§ PROBLEM REQUIREMENTS
As the answer, set down the lines below from the one containing "Assemblée locale à Barbezieux le 14 novembre" through the one containing "mercenari. Sekou Toure", exactly and inclusively, and no others.

§ DATA SUPPLIED

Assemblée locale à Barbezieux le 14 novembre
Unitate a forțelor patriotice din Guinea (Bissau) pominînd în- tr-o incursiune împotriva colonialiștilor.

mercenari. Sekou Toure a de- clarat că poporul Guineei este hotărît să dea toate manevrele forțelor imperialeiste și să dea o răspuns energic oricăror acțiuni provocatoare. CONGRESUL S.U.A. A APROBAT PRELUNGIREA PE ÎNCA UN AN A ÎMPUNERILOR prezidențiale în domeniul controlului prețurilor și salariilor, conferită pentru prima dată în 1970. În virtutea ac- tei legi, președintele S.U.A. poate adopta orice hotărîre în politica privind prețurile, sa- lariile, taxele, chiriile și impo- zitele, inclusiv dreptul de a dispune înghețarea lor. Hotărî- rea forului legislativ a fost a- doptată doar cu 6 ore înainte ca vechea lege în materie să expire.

* * *

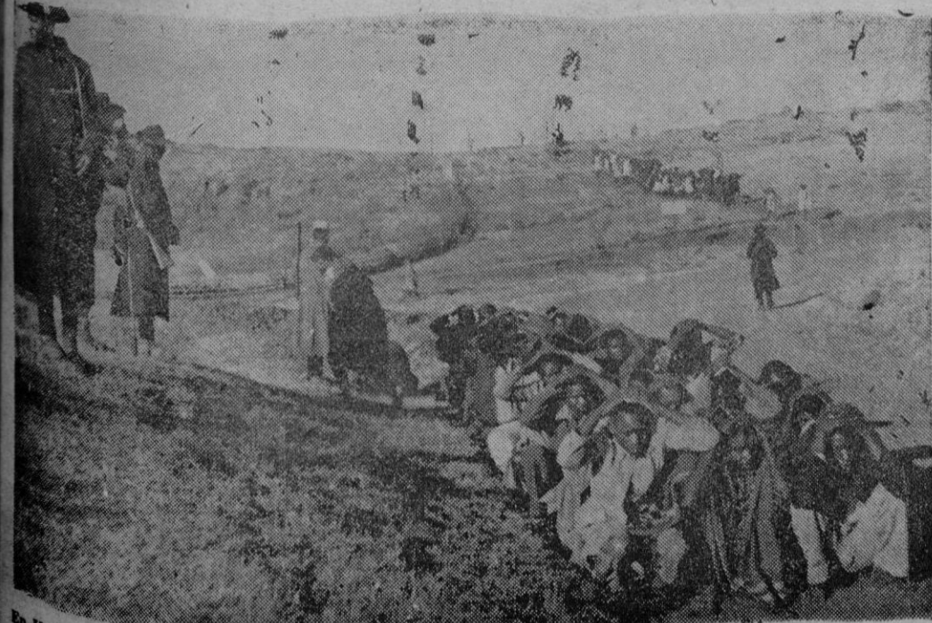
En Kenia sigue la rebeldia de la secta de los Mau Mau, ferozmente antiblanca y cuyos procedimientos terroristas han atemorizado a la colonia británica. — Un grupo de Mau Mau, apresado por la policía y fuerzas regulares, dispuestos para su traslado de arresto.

§ RESPONSE AREA
Assemblée locale à Barbezieux le 14 novembre
Unitate a forțelor patriotice din Guinea (Bissau) pominînd în- tr-o incursiune împotriva colonialiștilor.

mercenari. Sekou Toure a de- clarat că poporul Guineei este hotărît să dea toate manevrele forțelor imperialeiste și să dea o răspuns energic oricăror acțiuni provocatoare. CONGRESUL S.U.A. A APROBAT PRELUNGIREA PE ÎNCA UN AN A ÎMPUNERILOR prezidențiale în domeniul controlului prețurilor și salariilor, conferită pentru prima dată în 1970. În virtutea ac- tei legi, președintele S.U.A. poate adopta orice hotărîre în politica privind prețurile, sa- lariile, taxele, chiriile și impo- zitele, inclusiv dreptul de a dispune înghețarea lor. Hotărî- rea forului legislativ a fost a- doptată doar cu 6 ore înainte ca vechea lege în materie să expire.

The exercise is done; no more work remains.